For running the test suite, we suggest you devote one notebook for each pipeline being run. For instance a pipeline with two scripts in it may have notebook code that looks like this:
# Databricks notebook source
from tests.unit_tests.testing_utils import *
repo_path = "<path to your scripts being converted>"
timeout_mins = 60*15
job = "products_monthly"
# COMMAND ----------
# DBTITLE 1,1 - products_backup
script = "products_backup.sql"
notebook_args = {
"SCHEMA" : "products_monthly__products_backup",
"CATALOG" : "test_suites",
"STAGING" : "abfss://staging@devstorageaccount.dfs.core.windows.net/input/"
}
dbutils.notebook.run(repo_path + "raw/products_backup", timeout_mins, notebook_args)
test_1_results = validate_and_reset("products_monthly", "products_backup")
# COMMAND ----------
# DBTITLE 1,2 - products_load
script = "products_load.sql"
notebook_args = {
"SCHEMA" : "products_monthly__products_load",
"CATALOG" : "test_suites",
"STAGING" : "abfss://staging@devstorageaccount.dfs.core.windows.net/input/"
}
dbutils.notebook.run(repo_path + "raw/products_load", timeout_mins, notebook_args)
test_2_results = validate_and_reset("products_monthly", "products_load")
Let’s break this down. Each cell will:
As discussed above, each notebook runs with its own devoted schema, this enables many developers to work on scripts at the same time.
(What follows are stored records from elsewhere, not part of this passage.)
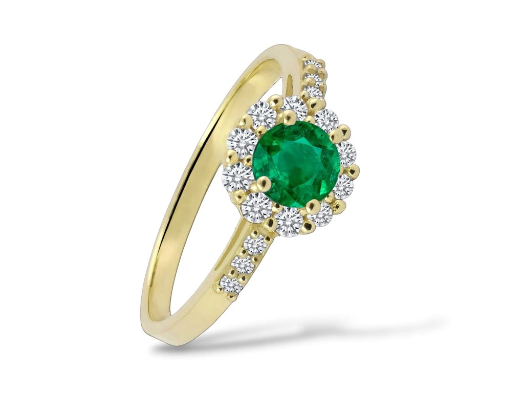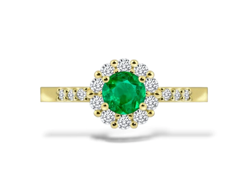 Elegantní prsten ze žlutého zlata, centrální přírodní smaragd o průměru 4.5mm je obklopen 10 diamanty o průměru 1.7mm, které jsou usazeny v krapnách. Obroučku prstenu zdobí 6 diamantů o průměru 1.3mm.
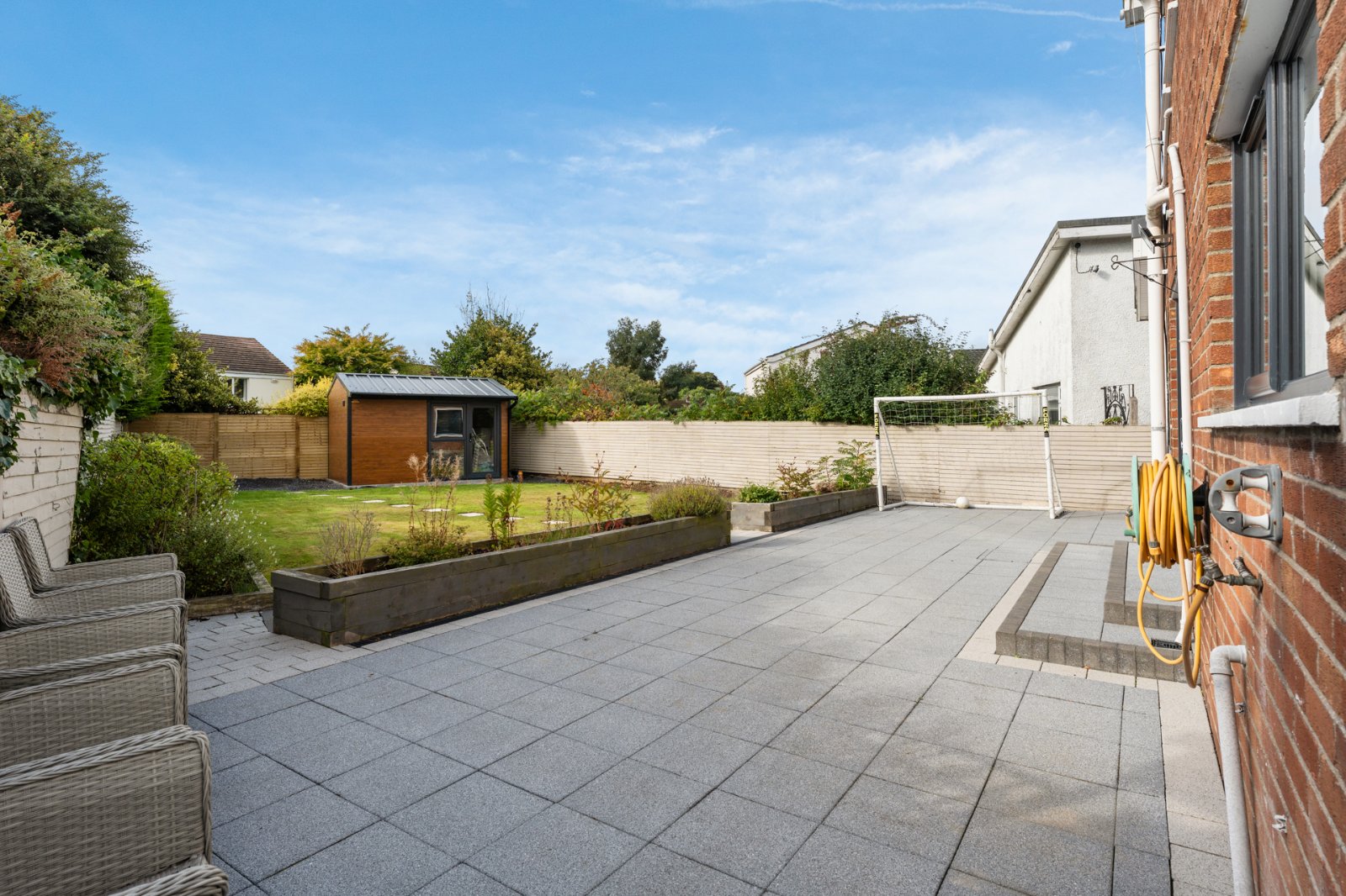 Dual entrance stone driveway. Enclosed southly facing garden to rear with patio area, perfect for entertaining and fence boundary with raised flowerbeds, gardens in lawn.
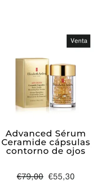 Cápsulas de sérum para el contorno de ojos de Elizabeth Arden. - Sérum restaurador de juventud. - Contiene 30 cápsulas. Precio en tienda supera los 55€. Mas productos de la marca en mi perfil si quieres mas de uno arreglo precio.
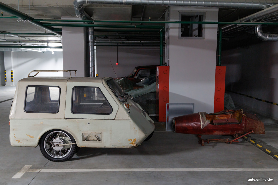 Зато настоящей находкой стал паркинг комплекса Centropol, в котором располагается супермаркет «Перекресток». На зимовку сюда, видимо, отправили «первый белорусский концепт-кар» под названием «Длота», уникальное мотокупе из Jawa 353 и самодельный автомобильчик «Компакт». Всей этой технике место в музее, а не на скрытой от глаз стоянке.
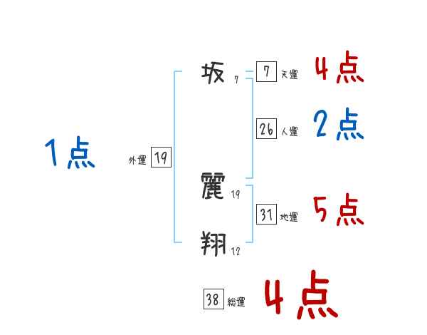 坂麗翔さんの画数の鑑定結果
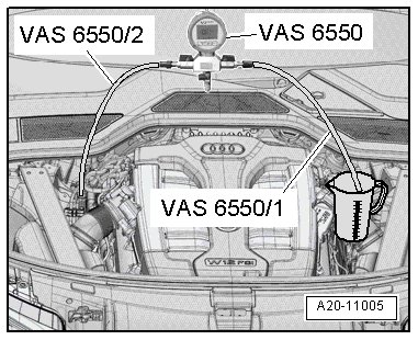 • In order to measure the fuel delivery rate, there must be an initial pressure inside the fuel line against which the fuel pump must work during the measuring. Adjust the initial pressure using (VAS 6550) as follows:
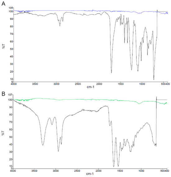 FTIR spectra for some samples for investigating components of microplastics found in seawater. (A) Polyethylene terephthalate (PET) and (B) nylon.
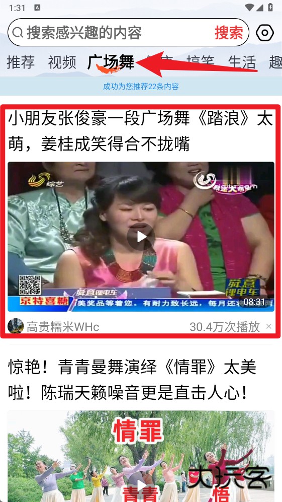 4、在广场舞栏目中,平台会推荐舞蹈视频与相关资讯,让喜爱广场舞的用户找到兴趣内容,边看边学,提升生活乐趣。

Digging one level deeper, let’s think about what needs to happen in the validation function validate_and_reset()
. We need to:
<job>__<script>__%
. .*__.*__(.*)__post
. Compare the schema, counts, and row contents for each table.RESTORE
on each changed table in the test schema that changed (i.e. tables which have a post table).How do we actually compare the rows between two tables (or DataFrames)? At Databricks when we run these migrations ourselves we consider two options:
exceptAll
returns zero records (and the count matches) then you know the DataFrames are identical.Code to achieve table validation (using exceptAll
) looks like this:
from pyspark.sql.functions import col, min
from databricks.sdk.runtime import *
import re
def set_schema(job_name: str, script_name: str, catalog: str = "dev_test_suites"):
spark.sql(f"USE {catalog}.{job_name}__{script_name}")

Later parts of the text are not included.